QUESTION ONE- Chapter 7

 

In order to obtain the funds necessary to expand its business Growth Ltd is to make a $12M share issue. Advise the directors of Growth Ltd over the following matters.

Hint: The best practice questions to use from workshops come from workshop 5.

 

REQUIRED:

 

(a) Can the funds be raised without a prospectus?

 

(b) If a prospectus is prepared, will the directors be safe from prosecution if they provide to investors in everything they know that is relevant about the investment?

 

(c) If the company issues a prospectus and the directors then become aware that there is a false and misleading statement in it, what alternatives are available to them under the CA?

 

 

(d) Does the CA provide any protection for directors where funds are raised under a prospectus that contains a misleading statement?

 

 

QUESTION TWO- Chapter 8

Hint: The best practice questions to use from workshops is workshop 5 question 5.

 

Goodtimes Ltd has had a very successful trading period. The directors decide that the profits should be used to offer to purchase back some of their shares held by the members. The directors wish to undertake two transactions:

 

1. purchase 12% of the ordinary shares held by Jasline

2. offer all shareholders the opportunity to sell 8% of their ordinary shares to company.

 

REQUIRED:

 

(a) In terms of s256 A, describe the obligations of the directors in terms of whether the Corporations Act allows the directors to undertake their plans (3 marks)

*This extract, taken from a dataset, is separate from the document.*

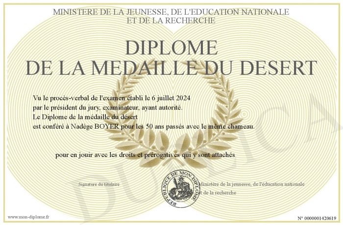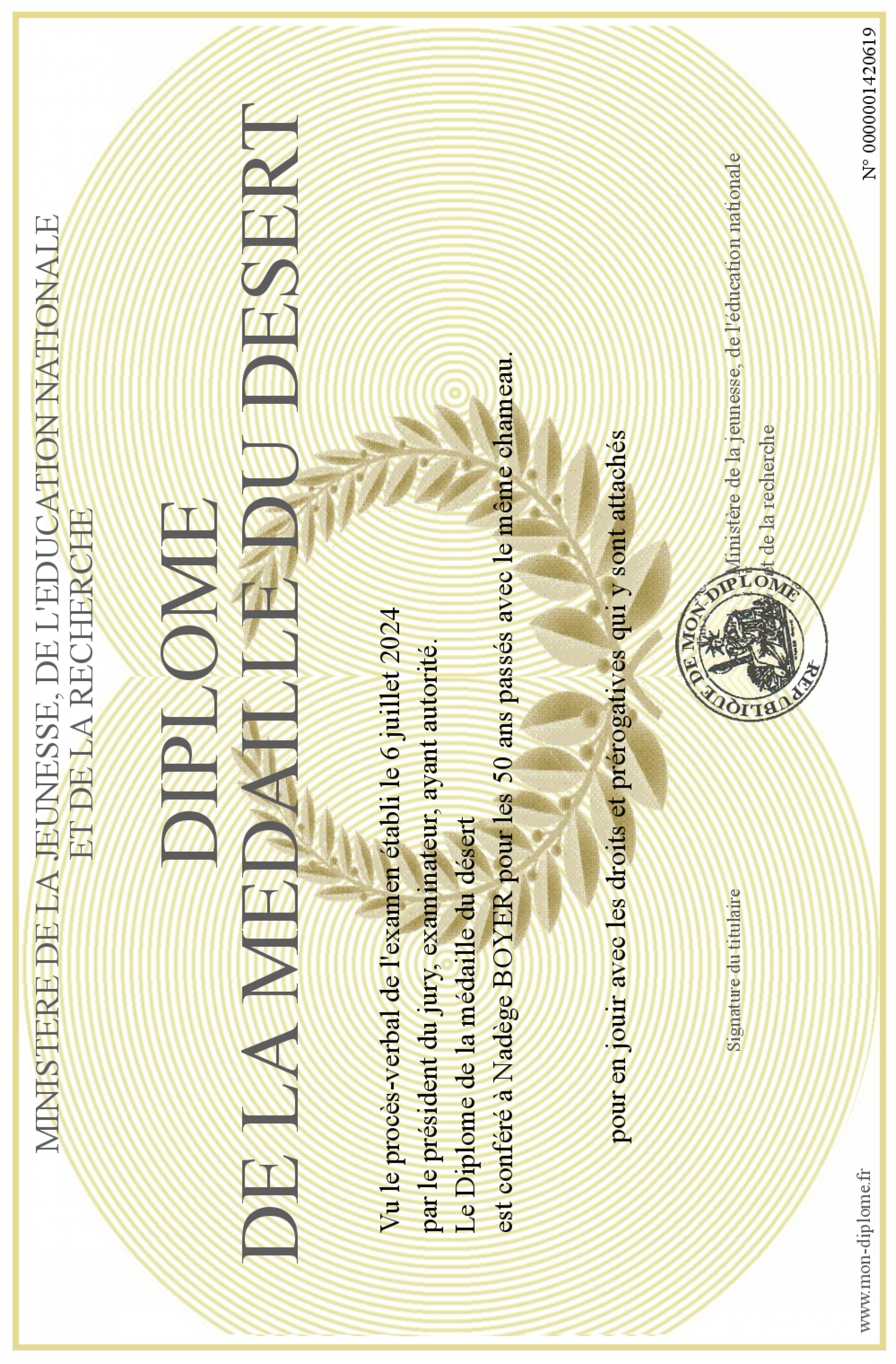 Envoyez par email votre Diplôme de la médaille du désert personalisé

(b) Name the type of buy-back relevant to each of the above and briefly detail the procedures to be followed (3 marks).

 

QUESTION THREE- Chapters 9, 12, 14, 17 (14 and 17 equivalent chapters in 20th edition are 21 and 24)

 

Discuss ANY TWO of the following, which are worth 5 marks each (10 marks total):

 

(a) “Members can sue directors therefore there is no need for statutory derivative action” Discuss true or false and why.

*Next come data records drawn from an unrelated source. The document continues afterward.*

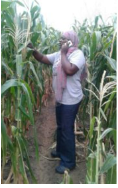 Patience inspectant un de ses champs de maïs au Nigeria.
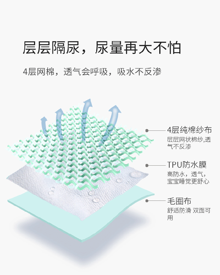 动感光波6层纱布隔尿垫规格70*90cm多色混搭可洗纯棉婴儿隔尿隔尿垫巾新生儿纱布尿片
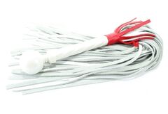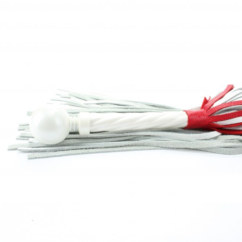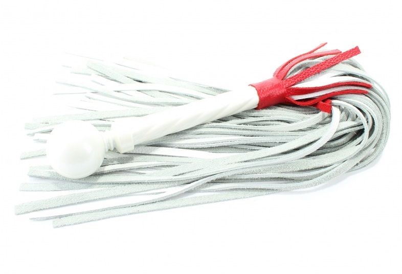 Плеть выполнена из натуральной кожи белого цвета. Витая рукоятка сделана из металла, цвет белый, сверху декор в виде белого шара, внизу ручки отделка из красной кожи. Возбуждающая воображение плеть поможет воплотить задуманное в реальность.
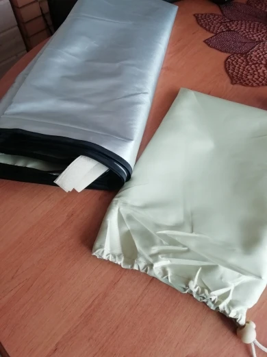 Доставка быстрая, отслеживалась. Чехол пошит качественно. Ткань добротная. Сверху зелёная, а снизу серебристая. Мне понравилось.

(b) Legal significance of share register v share certificate

(c) Appointment of directors

(d) Casting vote

(e) Chairing meetings

 

QUESTION FOUR- Directors duties

 

Part a)

Hint: The best practice question to use from workshops is workshop 7 question 2.

 

Christine, Sharni and Mandy are the directors of Layabout Ltd, a company that manufactures camping equipment. Sales are falling and the directors are worried about the future prospects of the company. At a directors’ meeting it is resolved that a marketing campaign to promote the company’s products will be put out to tender.  Part of the campaign will involve television advertising and Christine wants the company to employ her husband Sunil to appear in television commercials as he has experience modelling and has taken acting lessons. It is expected that Sunil will be paid $100,000 by Layabout Ltd to be the ‘face’ of the company in the television commercials.

 

REQUIRED

 

Using your knowledge from studying directors duties (chapter 13.3 in 19th edition and chapter 16 in 20th edition), describe the procedure under the Corporations Act the company and Christine must follow in order to employ Sunil for the advertising campaign.

 

 

Part b)

Part b) is a real exercise in understanding the development over time of the duty of care and diligence as well as understanding liability for breach in order to determine whether the statement is correct or not. Note that, in either the introduction or the conclusion, you must state whether the statement is correct or not.

 

“Company directors have to exercise a very high standard of care and diligence under both the Corporations Act and case law because if they make a decision that causes any damage to the company, they will be personally liable to creditors.”

 

REQUIRED:

 

Using your knowledge from studying directors duties (chapter 13.4 in 19th edition and chapter 17 in 20th edition), discuss the correctness of this statement.